The reason for recent battery issues have been primarily because manufacturers are pushing for tighter tolerances to make more energy dense batteries and smaller safety spaces in battery compartments. At the point they build in a fire extinguisher, why not go back to roomier batteries and compartments? Does this built in fire extinguisher impact the battery size and tolerances or does it replace existing materials? It was disappointing to not see that covered in the article.


If my skimming of the journal article (http://advances.sciencemag.org/content/3/1/e1601978.full ) is accurate, they really only built a prototype.

So it's more of a demonstration that the flame retardant can be placed in a battery separated from the electrolyte by a heat activated membrane than it is a fully engineered end user battery.


I was wondering whether it would make sense to put some very smelly gas, just like you do with bottled gas.

Battery leaks would be then easily detectable by human nose.



If only they could do this for 18650 batteries which goes into vaping device that would be great, so many careless users blow up their face while vaping because they have no knowledge of battery safety or ohm law when building their coils.


I don't know anything about the vaping space, but have seen some of those horror headlines of them exploding in people's pockets.

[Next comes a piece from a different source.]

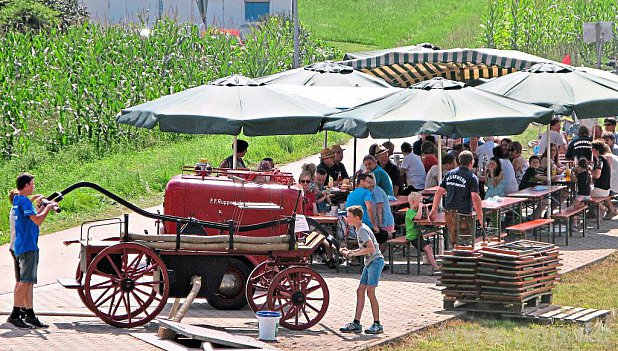 Arnstorf. Auch die zweite Auflage des Gartenfestes der Feuerwehr Ruppertskirchen war ein voller Erfolg. Schon zur Mittagszeit hatten die Helfer alle Hände voll zu tun, um die Gäste rund um das Gerätehaus, darunter Abordnungen vieler benachbarter Wehren, mit allerlei Schmankerl zu versorgen. Weil es auch Petrus gut mit der Wehr meinte und Sonne pur statt Regen schickte, hielt der Zustrom bis in die Abendstunden an. Abwechslung zur geselligen Unterhaltung an den Tischen und zum leiblichen Genuss brachte das Üben an altem Gerät für Jedermann. Ob die Handdruckspritze aus dem Jahr 1926 (Foto), die archaisch anmutende Leiter oder die Tragkraftspritze TSA 6 samt Anhänger, mit der die Wehr von 1953 bis 1963 zum Einsatz ausrückte: Sämtliche Gerätschaften forderten Jung und Alt immer wieder zum Testen der eigenen Kräfte heraus. "Die sind alle voll Eifer mit dabei und machen mir eine Riesenfreude", drückte Kommandant und Jugendleiter Anton Stadlbauer Anerkennung für den Arbeitseinsatz der Jugendgruppe rund um das Fest aus. Das besondere Lob von Stadlbauer wie auch von Vorstand Alois Gerwallner galt Carolin Büchner für die perfekte Organisation.
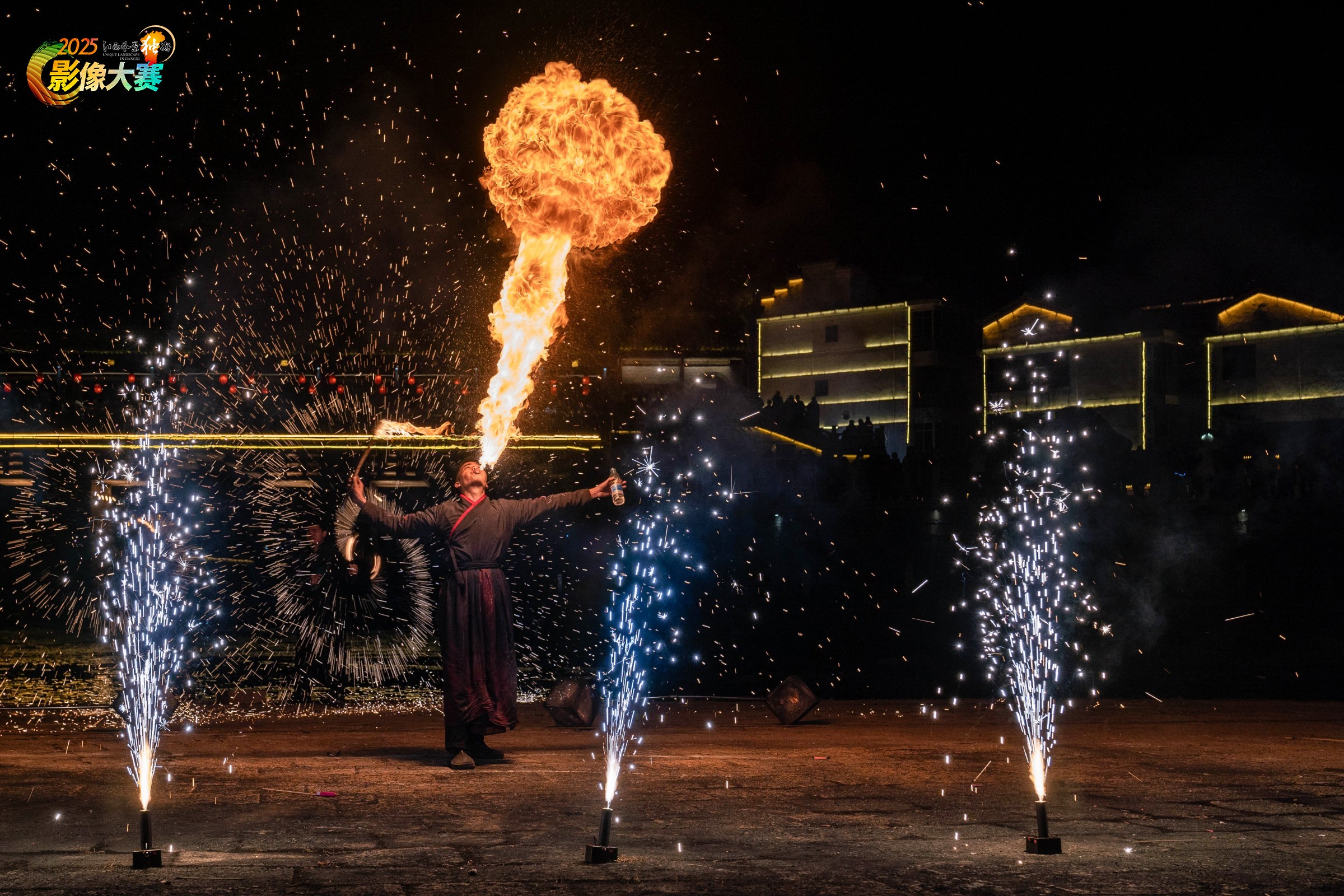 春节期间,江西省抚州市黎川县黎川古城的夜晚被非遗火艺点亮,非遗表演火壶、火扇舞、火刀、火棍、喷火等轮番上演,在夜空中划出绚丽的弧线,象征着驱邪避灾、迎接新春的美好寓意,火光映照着人们的笑脸,传递着喜庆祥和的节日氛围,展现了传统文化与现代生活的完美融合。

Why do people have to build their own coils? Do they have to do some DIY, or can you just buy a vaper off the shelf?

I don't need to know Ohm's Law to use my cellphone, etc. Why for this product class?

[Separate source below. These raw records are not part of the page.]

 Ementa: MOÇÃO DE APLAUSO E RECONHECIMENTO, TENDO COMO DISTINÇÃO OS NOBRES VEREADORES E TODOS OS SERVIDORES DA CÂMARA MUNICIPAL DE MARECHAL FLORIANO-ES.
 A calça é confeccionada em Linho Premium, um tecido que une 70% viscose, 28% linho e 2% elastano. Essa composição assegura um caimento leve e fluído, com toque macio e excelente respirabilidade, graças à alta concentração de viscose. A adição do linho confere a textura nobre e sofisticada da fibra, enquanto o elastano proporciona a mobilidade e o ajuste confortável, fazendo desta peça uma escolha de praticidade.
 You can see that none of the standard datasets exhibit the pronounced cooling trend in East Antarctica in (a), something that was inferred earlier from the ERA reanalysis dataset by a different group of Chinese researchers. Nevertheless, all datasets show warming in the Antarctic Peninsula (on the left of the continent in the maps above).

People don't have to build their own coils - there's plenty of devices on the market that take factory-produced cartridges with a coil & wick all set up for you, you just swap out the cartridge when it gets old. Most casual "vapers" just use those, for convenience as much as for safety.

But building coils is a hobby in its own right - there's lots of different variables you can tinker with (coil diameter, number of turns, wire gauge, wire material, wick material, wicking style, multiple coils in parallel, ...) and get slightly different results. It's fun to experiment, and there's a sense of achievement when you get a complicated build working just right. It appeals in the same way that overclocking your computer does, for example, or tuning your car/bike engine.

Also, all those cartridges will eventually be discontinued as the manufacturer moves on to new devices - but you can keep using a rebuildable device as long as you can get suitable resistance wire (Kanthal A1, Nichrome, or a certain grade of stainless steel) and wick (organic cotton, cellulose fibre, or silica yarn). And those raw materials cost basically nothing per coil, compared to a few dollars for each of those cartridges.


You can purchase mass produced stuff but the quality of vape you get is much better with DIY setups, though it puts the onus of safe design parameters on the builder. With electronically regulated devices this risk goes down a great deal, older gen (though still in wide use) devices called mechanical mods would basically short circuit a lithium battery to a coil of wire - if the resistance is too low you pull way too much power for the battery and catastrophic heating occurs.


I think building in a simple fuse would be cheaper and easier.


A fuse won't protect against over-charging or over-discharging. (PTC resettable fuses are great to break continuous overcurren, though!)


Over-discharging?


Lithium-ion batteries can be damaged if discharged below around 3v. The protection circuit on a protected battery will normally disconnect the battery at around 3.3v to prevent damage.


Drawing too much in a period from the cell.


I have had to dispose bulged batteries, which are classified as household hazardous material. Craigslist forbids doing business involving such materials so I could not hire someone to do a dump run. Had to go all the way to a dump transfer station myself.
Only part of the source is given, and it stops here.